Тук Тукыч, стр. 19

В августе Рыжик с меньшей охотой выходил из дому днём, предпочитал отлёживаться в тени. Бродил он главным образом по ночам. Но иногда он бегал с ребятами на речку и, пока они шумно плескались в воде, ловил рыбу у берега в камышах.

Рыбу он очень любил, и Дима обязательно давал ему пескаря или голавлика, если случалось поймать их на быстрине, ниже мельницы.

* * *

Ранним утром 1 сентября Дима надел новый костюмчик, повязал пионерский галстук и посмотрел на себя в зеркало.

Румяное, загорелое лицо, живые серые глаза, подстриженные машинкой волосы, хороший узел на галстуке — таким он и хотел видеть себя.

Подошла к зеркалу и Галка. Она долго стояла, повязывая платочек и поправляя воротничок.

— Время! Пошли! — скомандовал Дима.

И ребята побежали в школу, которая была в соседней деревне.

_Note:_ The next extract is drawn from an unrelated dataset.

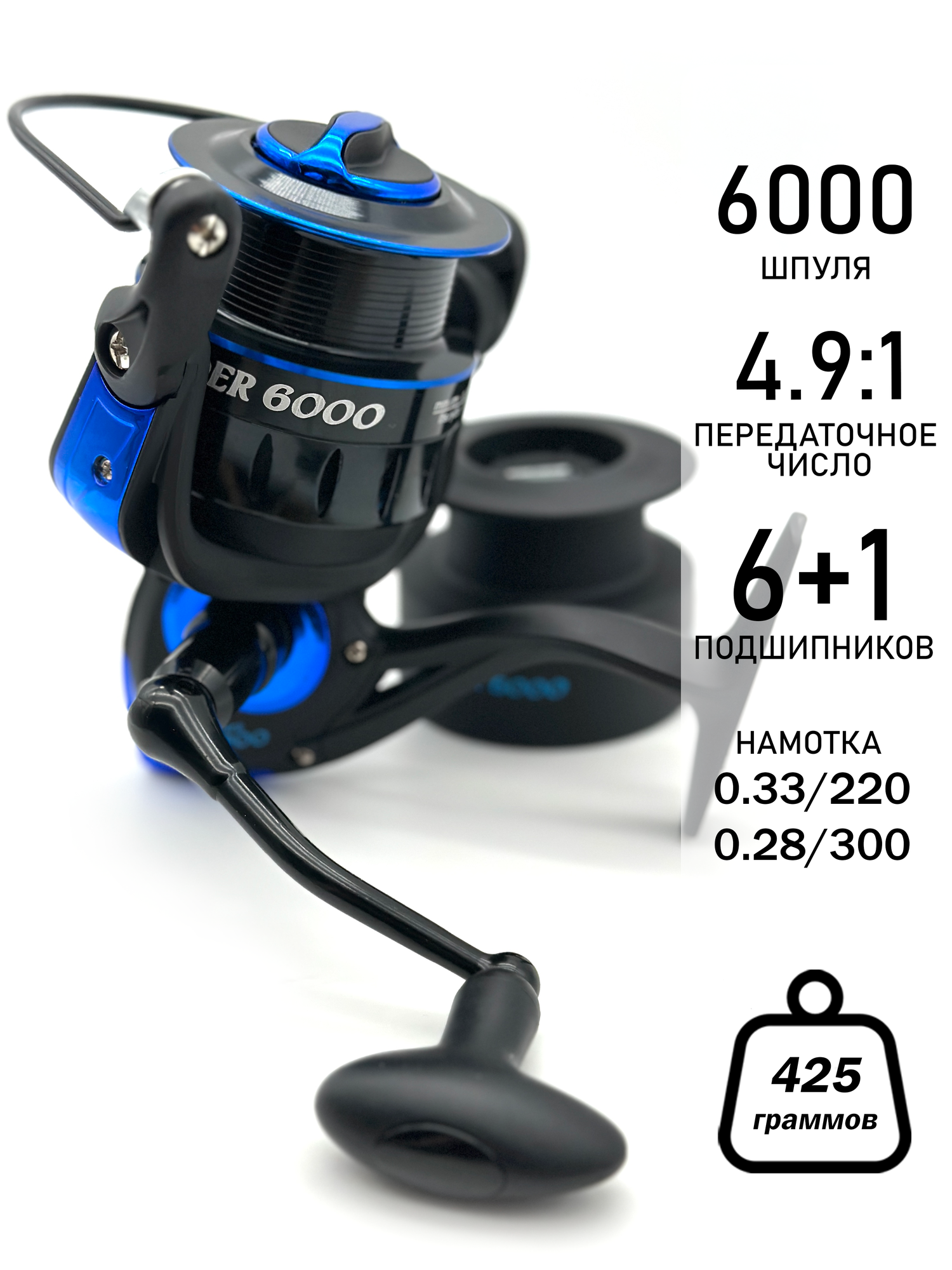 Катушка для спиннинга / катушка для рыбалки безынерционная 6000 для фидера и донки информация:

На перемене Дима вышел на площадку погонять волейбольный мяч, но вдруг под ноги ему подкатился рыжий ком и прыгнул на грудь.

— Рыжик! Ты откуда?

— Смотрите, ребята! Что за зверь такой? — закричал кто-то, и вскоре все школьники с весёлым любопытством столпились вокруг Димы и Рыжика.

Вышел на шум и учитель Андрей Иванович, поправляя очки, чтобы лучше видеть, что происходит на площадке.

— Ух, какой славный! — сказал Андрей Иванович, наклоняясь к Рыжику. — Где нашёл?

— В лесу, — ответил Дима.

Рыжик вильнул хвостом и ткнул мокрым носом в руку учителя.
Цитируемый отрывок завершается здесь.